How did oxygen appear in the Earth’s atmosphere?

Scientists have used groundbreaking techniques to figure out how the Earth’s atmosphere was filled with oxygen billions of years ago.

The research is published in the journal Science. For most of its history, the Earth was home only to microorganisms – multicellular life appeared on it, according to various estimates, from 2.1 to 1.9 billion years ago. However, it flourished only 600 million years ago, in the late Precambrian. It was then that a wide variety of multicellular organisms – the so-called Vendian fauna – appeared. Oxygen played an important role in this process, among other things.

There are various hypotheses about its appearance in the earth’s atmosphere. The main one assumes that the only significant source of molecular oxygen is the biosphere, that is, photosynthetic organisms. Oxygen photosynthesis originated in cyanobacteria 2.7-2.8 billion years ago. So, over millions of years, these microorganisms have filled the atmosphere with oxygen.

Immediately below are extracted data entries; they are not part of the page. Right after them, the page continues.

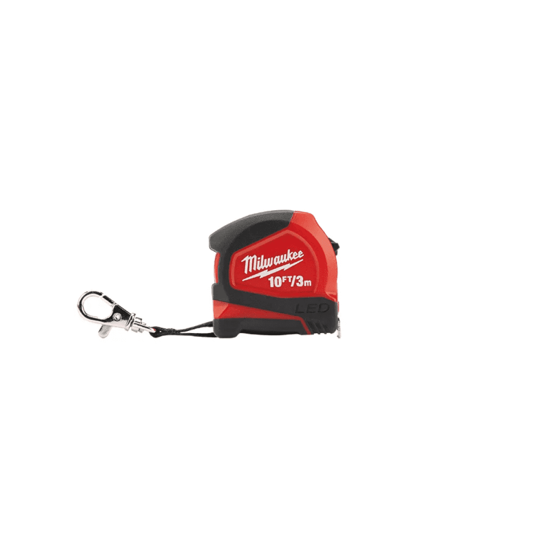 10ft/3m Keychain Tape Measure with LED features an LED Light to help users more easily read measurements in low light conditions. A 4-point reinforced frame protects against damage from dropping. For added functionality the tape measure is equipped with a magnetic back for storage. A secure, heavy duty keychain clip gives it the versatility to clip onto almost anything – from belts to key rings. Like all MILWAUKEE® tape measures, it’s backed by a limited lifetime warranty.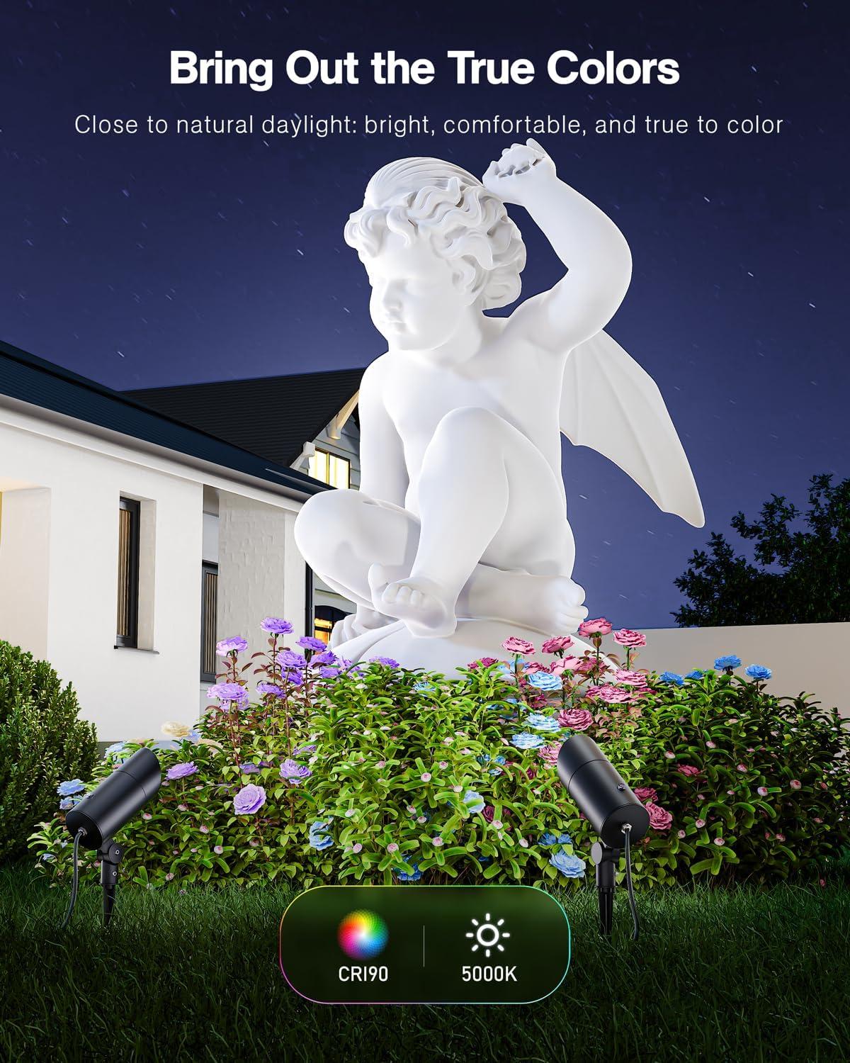 【Ultra-Bright Spot Lights】Featuring 30W LED chips, 5000K daylight, and a high color rendering index (CRI 90), this spotlight provides clear and bright lighting, ensuring every detail is illuminated outdoors. Perfect for lighting up gardens, yards, patios, exterior walls, backyards, and fences and more. This spotlight is equivalent to a 200W halogen light, significantly reducing electricity costs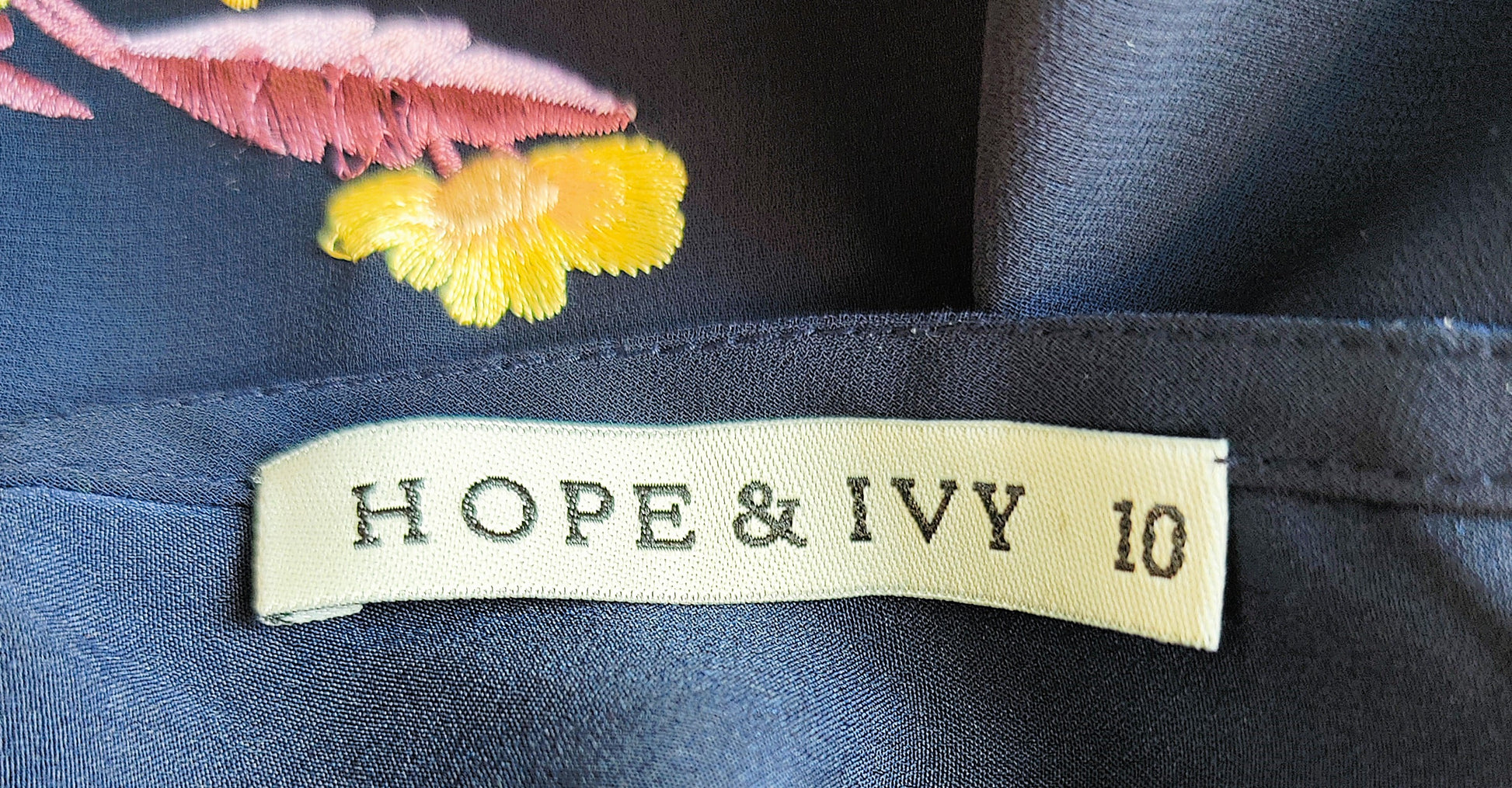 Hope & Ivy Wrap Style Dress with Embroidered Flower Pattern-Navy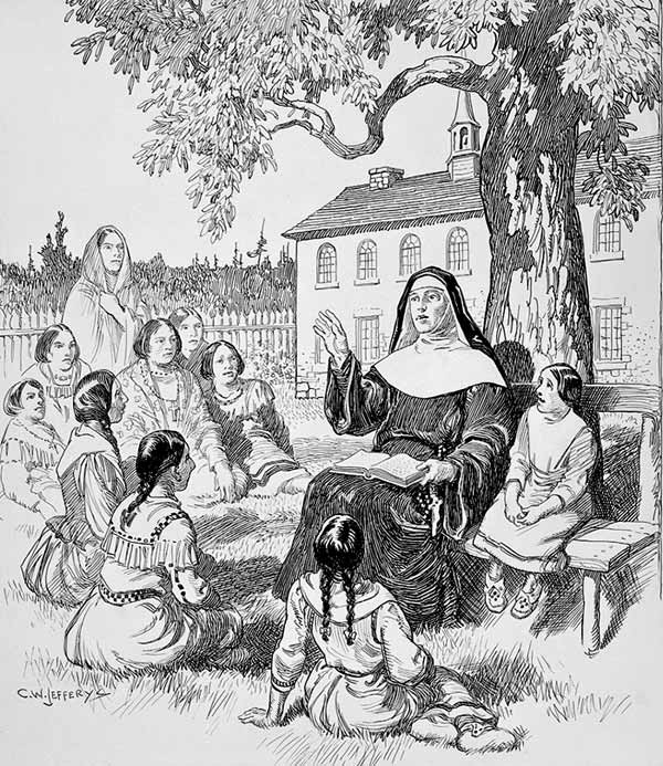 L'enseignement des enfants autochtones par la mère Marie de l'Incarnation au couvent des Ursulines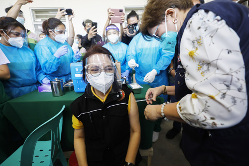 新型コロナに対する中国のシノバック製ワクチンに続き、4日にフィリピンに到着した英国のアストラゼネカ製ワクチンの接種も始まった。アストラゼネカ製は変異種への有効性がシノバック製よりも高いとされている=6日、首都圏パラニャーケ市の病院(EPA=時事)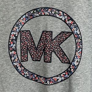 Heather gray sweatshirt with a floral MK logo. Casual and chic. Sweater is in excellent used condition.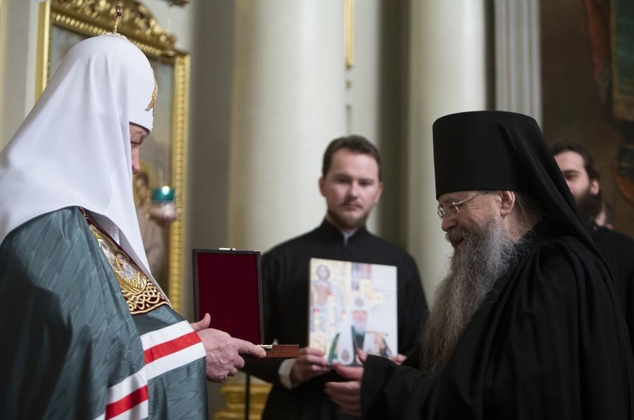 Затем Святейший Патриарх вручил архимандриту Алексию юбилейный наперсный крест, изготовленный к 10-й годовщине Поместного Собора 2009 года и интронизации Его Святейшества. «Хотел бы сердечно поблагодарить Вас, отец Алексий, за Ваши труды. Пусть Господь хранит Вас в трудах на благо сей святой обители», – сказал Предстоятель при вручении креста.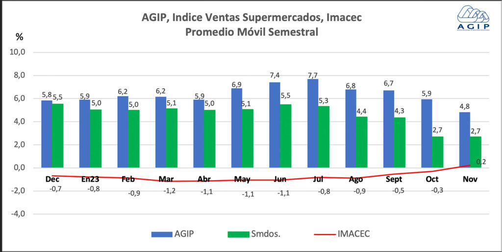 El gráfico compara la variación de los índices AGIP, Ventas de Supermercados y el Imacec.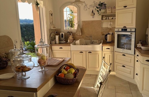 Provençal villa of 150m2 with swimming pool and quiet parking is located in Draguignan. Provençal villa of 150m2 with swimming pool and quiet parking provides accommodation, featuring Fireplace/Heating, Breakfast, Laundry, among other amenities. This House features Fireplace/Heating, Breakfast, Laundry, to make your stay a comfortable one.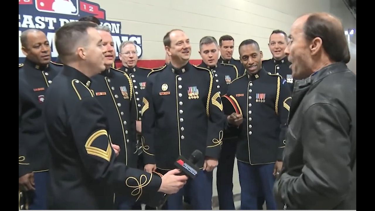 Army Chorus and Lee Greenwood sing acapella, God Bless the USA, impromptu at the 2015 Winter Classic, in the tunnel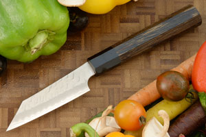 The Super Gold 2 stainless steel core (hagane) is surrounded by softer stainless steel cladding. At 63 Hrc, SG2 powdered metallurgical stainless steel offers a keen, long lasting edge without the care of carbon steel. Though the cutting edge is very hard, the small grain structure of SG2 makes sharpening and honing effortless. In our experience, SG2 is one of the best stainless steels currently being used to make kitchen knives. The ambidextrous shinogi grind provides effortless food release while chopping and slicing. Hand hammered texture at the top of the blade (tsuchime) limits a suction forming between the food being cut and the knife. The spine and choil are nicely rounded for a comfortable pinch grip.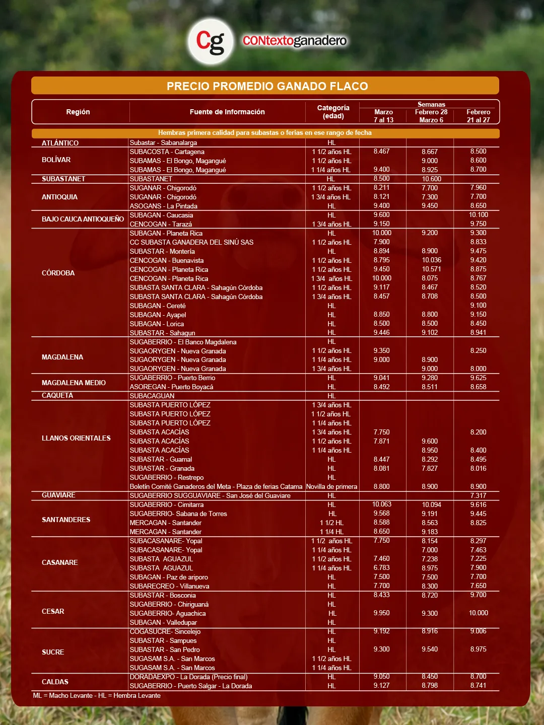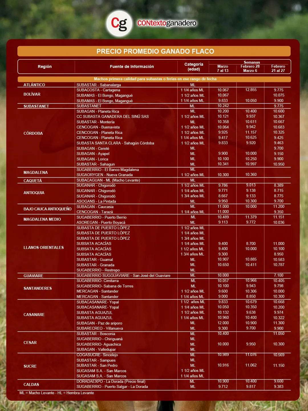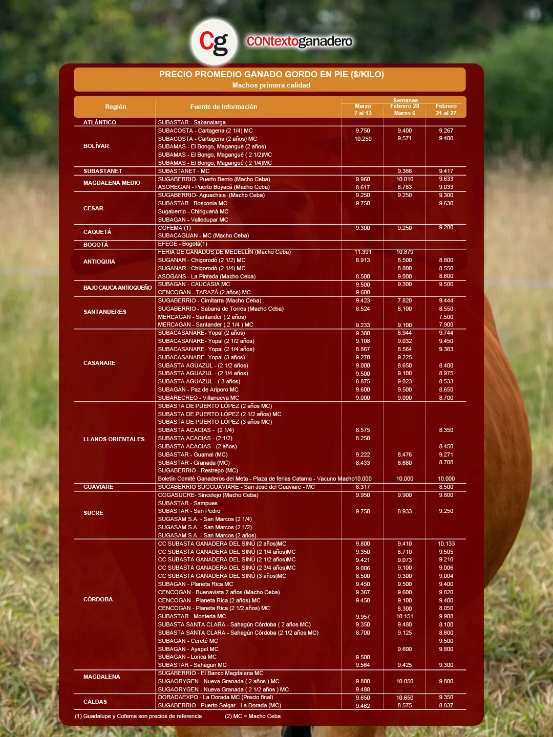 De acuerdo con el informe del precio del ganado gordo comercial de la Bolsa Mercantil de Colombia, Atlántico inició marzo con el valor más alto y repitió en la segunda semana, al registrar $10.543/kg, el mismo nivel de hace siete días.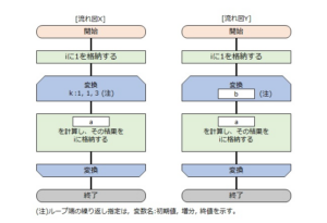 | 問題 | 流れ図Xで示す処理では、変数iの値が、1→3→7→13と変化し、流れ図Yで示す処理では、変数iの値が、1→5→13→25と変化した。図中のa,bに入れる字句の適切な組み合わせはどれか。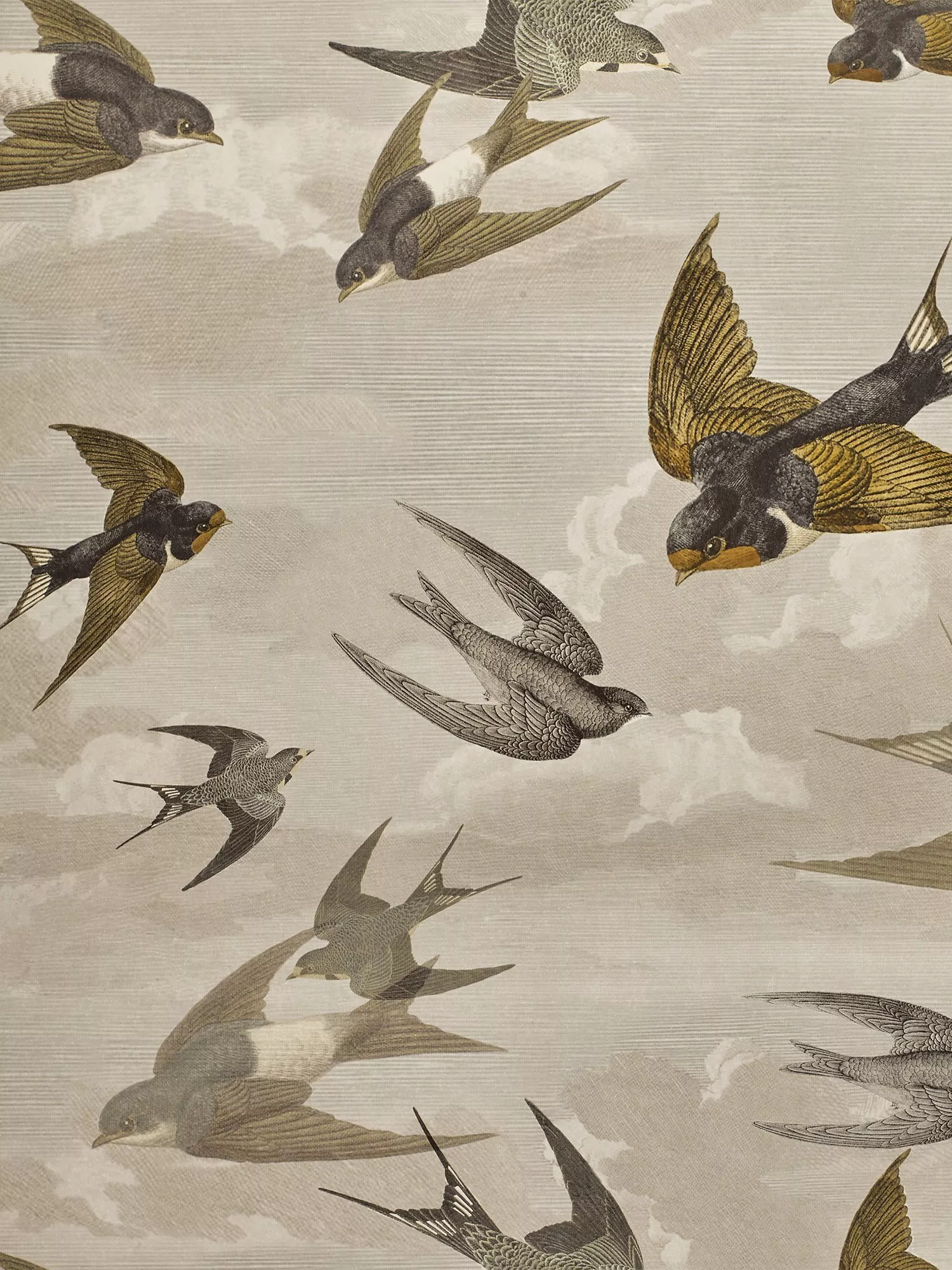 Charming and dramatic, this design with its beautifully drawn swooping swallows amidst gentle skies, is the perfect picturesque scene. Printed on a luxurious non woven ground for ease of hanging.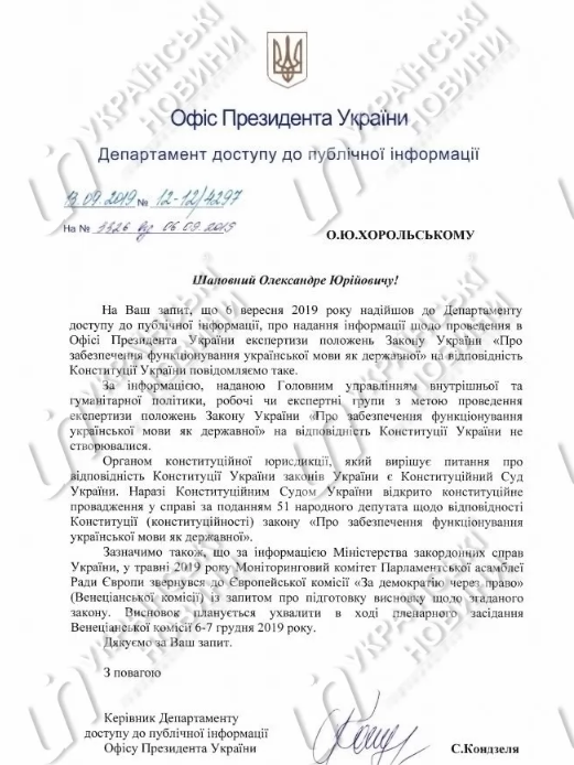 "Органом конституционной юрисдикции, который решает вопросы о соответствии Конституции законов, является Конституционный Суд (КСУ). При этом, в КСУ открыто конституционное производство в вопросе по представлению 51 народного депутата о соответствии Конституции закона "Об обеспечении функционирования украинского языка как государственного", - говорится в ответе ОПУ.

However, American scientists suggest that other processes played an important role in this. Researchers at the Universities of Chicago and California have painstakingly recreated the chronology of events on ancient Earth and analyzed very old rocks, the composition of which changes with environmental conditions.

They noticed that before the atmosphere was filled with oxygen (the so-called Oxygen Catastrophe, which occurred about 2.45 billion years ago), our planet experienced short-term effects of small “oxygen bursts”.

It is known that the ancient oceans contained large amounts of iron, which should have prevented the accumulation of free oxygen in the atmosphere. At the same time, part of the oceanic iron combined with sulfur emitted by volcanoes and formed pyrite (it is also called “fool’s gold”). This process is accompanied by the release of oxygen. But which of these chemical reactions “outweighs” the other, the scientists did not know.

To find out, the researchers used state of the art equipment and a new method to measure tiny variations in iron isotopes. This helped scientists understand that, despite the oceans saturated with iron, certain conditions could contribute to the formation of enough pyrite, and therefore oxygen, which could be released into the atmosphere. The discovery helps not only to better understand the history of the Earth, but also to learn how the oxygen shell is formed on exoplanets, and, therefore, helps to find signs of life on them.